O Projeto de Lei do Senado (PLS) 189/2012 do senador Cristovam Buarque (PDT-DF) entra nesta terça na pauta da Comissão de Educação, Cultura e Esporte, com a aprovação do relator Fernando Bezerra Coelho (PSB-PE). Pela proposta, os pais que não acompanharem pessoalmente o desempenho escolar de seus filhos – por meio de reuniões de pais e mestres ou por diálogo individual com os professores a cada dois meses – estarão sujeitos a multa de 3% a 10% do salário mínimo (cerca de R$ 23 a R$ 78) e proibições como de se inscrever em concursos públicos, obter empréstimos e passaporte ou carteira de identidade.

Na escola da Ana Clara, no bairro Coração Eucarístico, região Noroeste de Belo Horizonte, além de uma reunião anual, os professores disponibilizam horários para atender os pais interessados. Neste ano, a mãe dela já foi três vezes à unidade. “Da última vez pedi uma data para conversar e não tinha disponível porque havia outros pais marcados. Acho essa lei desnecessária porque quando o aluno apresenta problema as coordenadoras chamam os pais e quando os pais identificam algo de errado, eles vão à escola”, afirmou Angélica. Pelo sistema eletrônico da escola, a advogada tem informações como, por exemplo, se a filha entregou o dever. Dependendo do caso, o aluno perde pontos. “Para mim só faltava a escola fazer reunião no fim do ano para passar uma visão sobre o aproveitamento dos alunos”.

No entanto, para o autor do projeto, o problema maior está nas escolas públicas. “As classes média e alta acompanham os filhos porque pagam e cobram um ensino de qualidade. Nas camadas mais pobres isso não ocorre”, destacou Buarque, que acrescenta uma proposta ainda mais polêmica. “Uma ideia que se considera é cobrar mensalidades simbólicas (de R$ 5) nas escola públicas. Isso da poder aos pais, que passam a dar valor e se sentem no direito de ir mais à escola. Mas muitos acham que o que é pago não é público e seria um grande descontentamento”, completou.

Alerta. O senador acredita que a lei vá despertar os pais para o assunto, nem que seja pelas sanções. Especialistas porém acreditam que seria mais uma lei não cumprida.

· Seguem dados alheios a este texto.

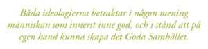 Denna förändring genomfördes inte enbart med socialistiska idéer, utan i stor utsträckning också via idéer hämtade från radikal liberalism. Den förra ideologin byggde på en samhällssyn med klasserna i centrum, den andra mer uttalat på individen. Men det fanns likafullt gemensamma drag i människosyn och framtidsvision. Båda ideologierna betraktar i någon mening människan som innerst inne god, och i stånd att på egen hand kunna skapa det Goda Samhället, ohindrad av yttre begränsningar i form av gudomliga eller mänskliga auktoriteter.
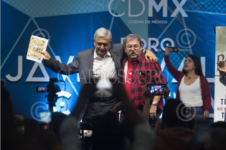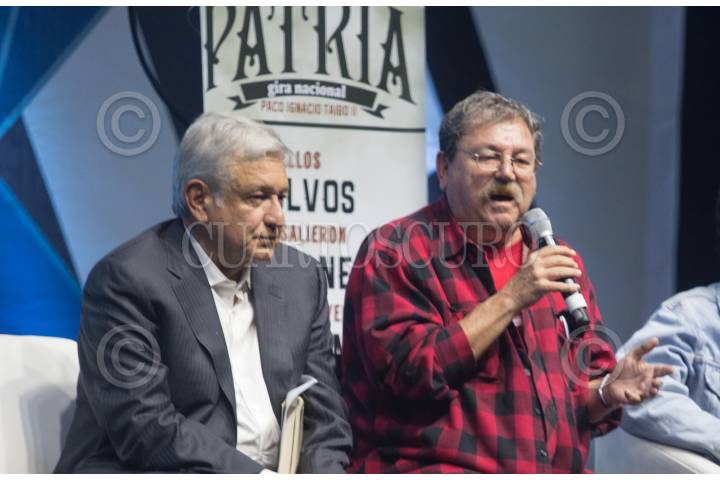 CIUDAD DE MÉXICO, 17OCTUBRE2017.- Paco Ignacio Taibo II, presentó su libro Patria, acompañado de Andrés Manuel López Obrador, en la Feria Internacional del Libro Zócalo 2017. FOTO: TERCERO DÍAZ /CUARTOSCURO.COM
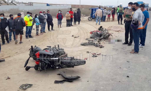 ERP. Una persona fallecida y un herido es el saldo de un choque ocurrido esta mañana entre dos motocicletas en la vía Sullana - Paita. Se trata de José Rojas Sabalú de 45 años, quién colisionó violentamente contra otra moto lineal falleciendo de manera instantánea debido a los fuertes golpes recibidos, mientras que el herido fue trasladado a emergencia del Hospital de Apoyo II-2 de Sullana.
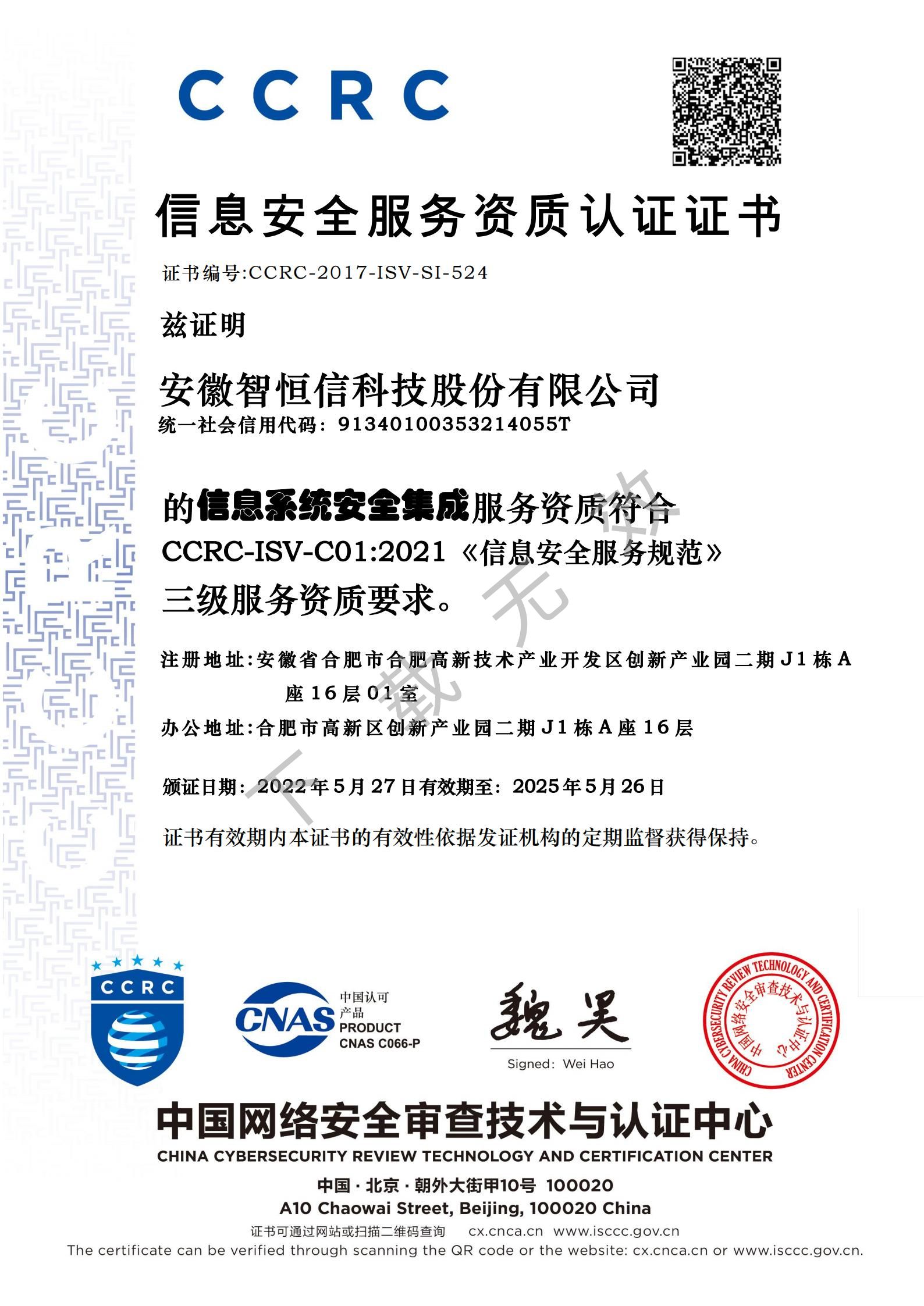 信息系统安全集成服务资质证书
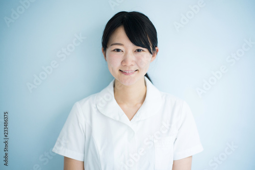 woman, nurse, nurse, nurse, medical care, labcoat, hospital, doctor, girl, young, sweet, black hair, occupation, work, work, marode, model, japanese, portrait, sky blue, smile
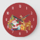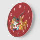 Santa and Reindeer by Christmas Tree with Presents Large Clock
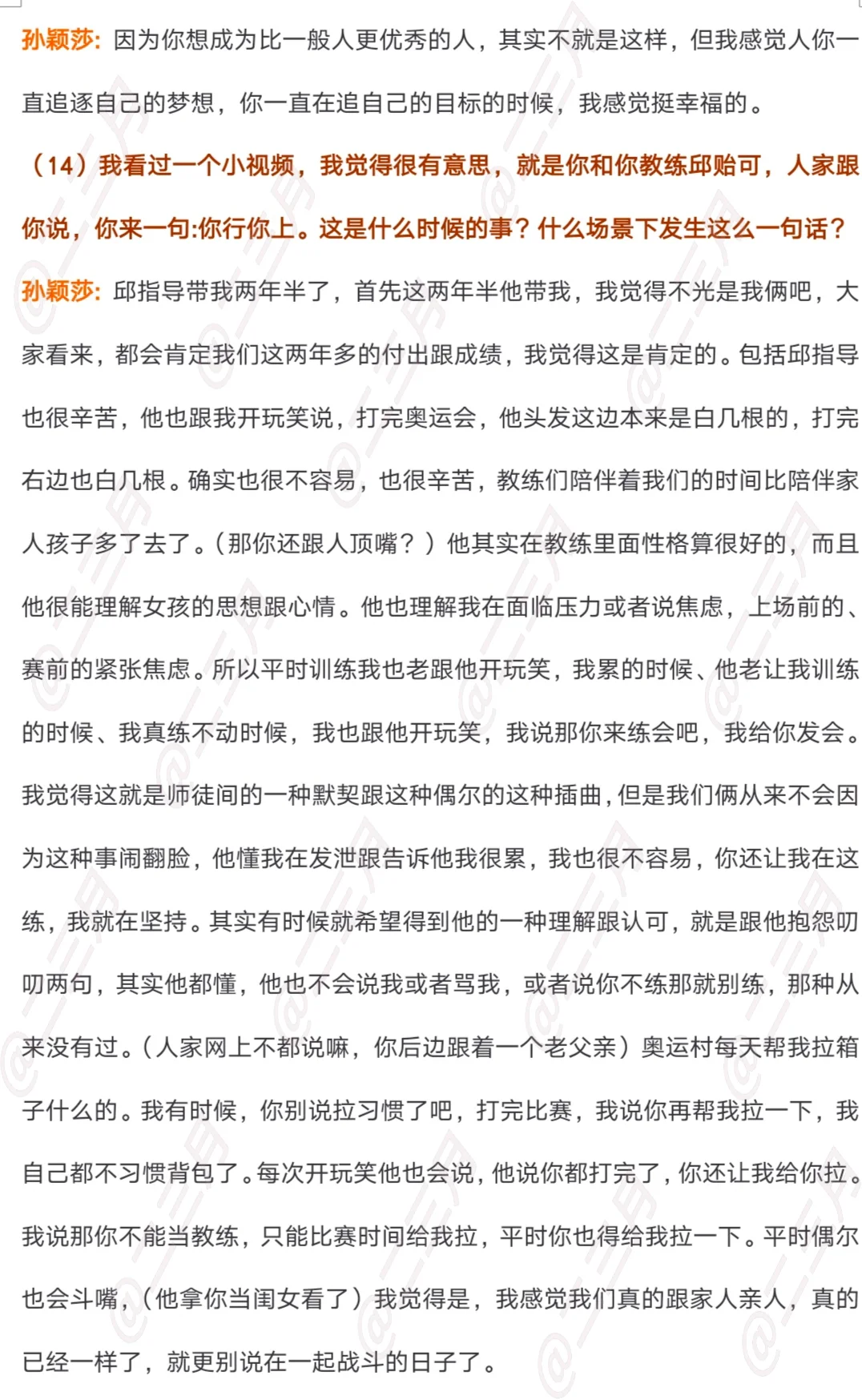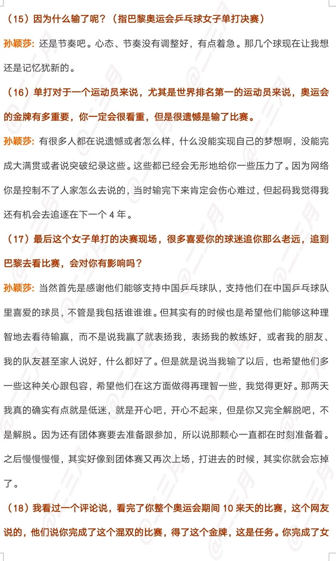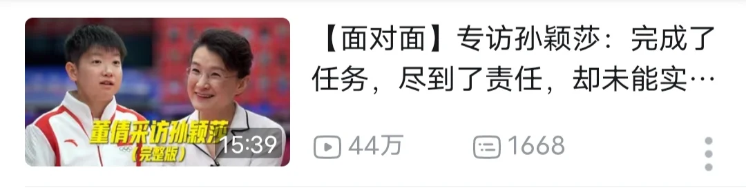 央视新闻《面对面》专访孙颖莎文字版
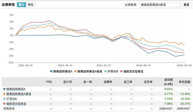 业绩方面,截至9月3日,蜂巢趋势臻选A成立以来累计下跌8.62%。基金中报显示,截至二季度末,该基金份额净值为0.9870元,报告期内份额净值增长率为-1.30%,同期业绩比较基准收益率为-0.88%。

“Não sei se é por lei que vamos resolver isso. Eu vejo que existe historicamente uma relação tensa entre família e escola, uma falta de compreensão mais clara sobre a posição de um ou de outro, mas não podemos generalizar. Onde isso é ruim, a lei pode até piorar, porque vai virar uma obrigação e o diálogo não passa por aí”, destacou o professor Juarez Dayrell, da Faculdade de Educação da UFMG.

Estudo
Desempenho
. Na semana passada, estudo da Unesco indicou que no Brasil o desempenho dos estudantes melhora quando os pais acompanham a vida escolar, apoiam os filhos e chamam a atenção deles.

A proposta
Entenda.
O PLS 189/12 obriga diretores a emitirem certificado de presença dos pais na escola a cada dois meses. A escolha pela frequência, segundo Buarque, “se deu aleatoriamente, porque uma por mês seria muito”.

Tramitação. Após passar pelo Senado, o projeto vai para a Câmara. Apesar de agora começar a andar, a proposta foi criada em 2006.

Para muitos familiares, dever de educar é dos colégios

A artesã e professora particular Diva Vieira Sodré, 52, é paga para ajudar no dever de casa dos filhos de pais que não teriam tempo para essa tarefa. Segundo ela, há casos em que a família acha que a escola tem o dever de educar as crianças porque os pais não têm tempo. A artesã e especialistas avaliam que esse quadro de ‘abandono’ da vida escolar se acentua quando os alunos deixam o ensino infantil.

“Quando eu participo das reuniões da escola da minha filha, vejo que muitas vezes poderia ter cem pais, mas só 20 aparecem, e são sempre aqueles de crianças que não dão problema”, descreveu a artesã, que acompanha de perto a vida escolar das filhas há 27 anos, idade da mais velha.

A caçula de Diva Sodré tem 14 anos e estuda em escola municipal, sempre com a presença da mãe nas atividades.